### Items from a dataset
============================================================

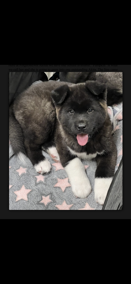Here at Forget-Me-Not Akitas we have 2 females and 1 male (long hair) available. These pups will mature into outstanding Akitas. Sire came to us all the way from Romania and has the best temperament you can ask for in an Akita. They are available now At 8 1/2 weeks old and have already been vet checked and microchipped. What’s included…. Best Friend and Protector for Life AKC Limited Registration (Pet Home Only) Vet Checked, Dewormed and Vaccinated Microchipped Introduction to the Crate Started on HouseBreaking LOTS Of Socialization Texting will get you a faster response Please do your research on this breed. This breed is not for everyone and is on the restricted list with some landlords and housing.
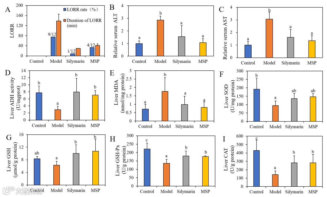 图1 海瓜子肽摄入对酒精性肝损伤小鼠的保护作用评价
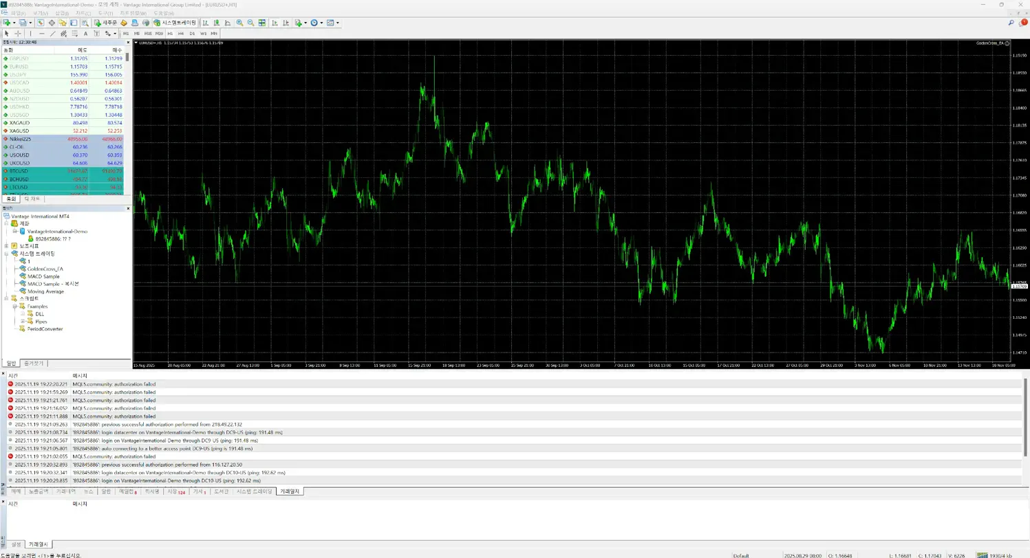 지난 스터디에서 Vantage 데모계좌를 개설하고, MetaTrader4 (MT4) 프로그램을 통해 가상 계좌를 연결한 후 시스템 트레이딩까지 설정을 완료했어요.
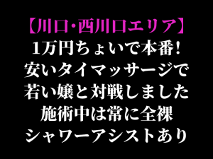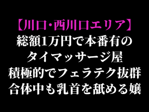 【川口・西川口エリア】総額1万円で本番有のタイマッサージ屋 積極的でフェラテク抜群、合体中も乳首を舐める嬢
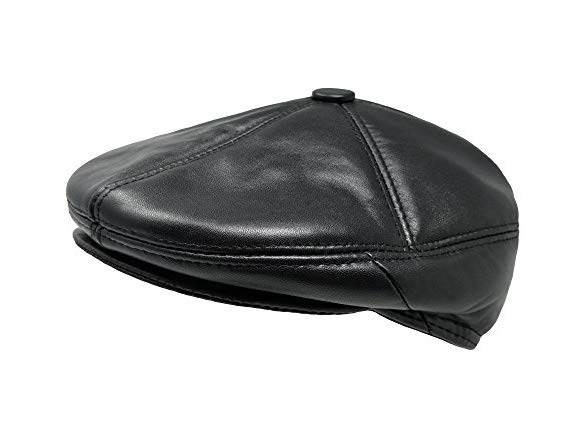 TangTown Soft Lambskin Leather Flat Cap Driving Warm Winter Ivy Hat, Large

============================================================

### ACTIVITY
From the first line to the last, write out the data exactly, omitting any pictures.

### RESPONSE TO THE TASK
Here at Forget-Me-Not Akitas we have 2 females and 1 male (long hair) available. These pups will mature into outstanding Akitas. Sire came to us all the way from Romania and has the best temperament you can ask for in an Akita. They are available now At 8 1/2 weeks old and have already been vet checked and microchipped. What’s included…. Best Friend and Protector for Life AKC Limited Registration (Pet Home Only) Vet Checked, Dewormed and Vaccinated Microchipped Introduction to the Crate Started on HouseBreaking LOTS Of Socialization Texting will get you a faster response Please do your research on this breed. This breed is not for everyone and is on the restricted list with some landlords and housing.
 图1 海瓜子肽摄入对酒精性肝损伤小鼠的保护作用评价
 지난 스터디에서 Vantage 데모계좌를 개설하고, MetaTrader4 (MT4) 프로그램을 통해 가상 계좌를 연결한 후 시스템 트레이딩까지 설정을 완료했어요.
 【川口・西川口エリア】総額1万円で本番有のタイマッサージ屋 積極的でフェラテク抜群、合体中も乳首を舐める嬢
 TangTown Soft Lambskin Leather Flat Cap Driving Warm Winter Ivy Hat, Large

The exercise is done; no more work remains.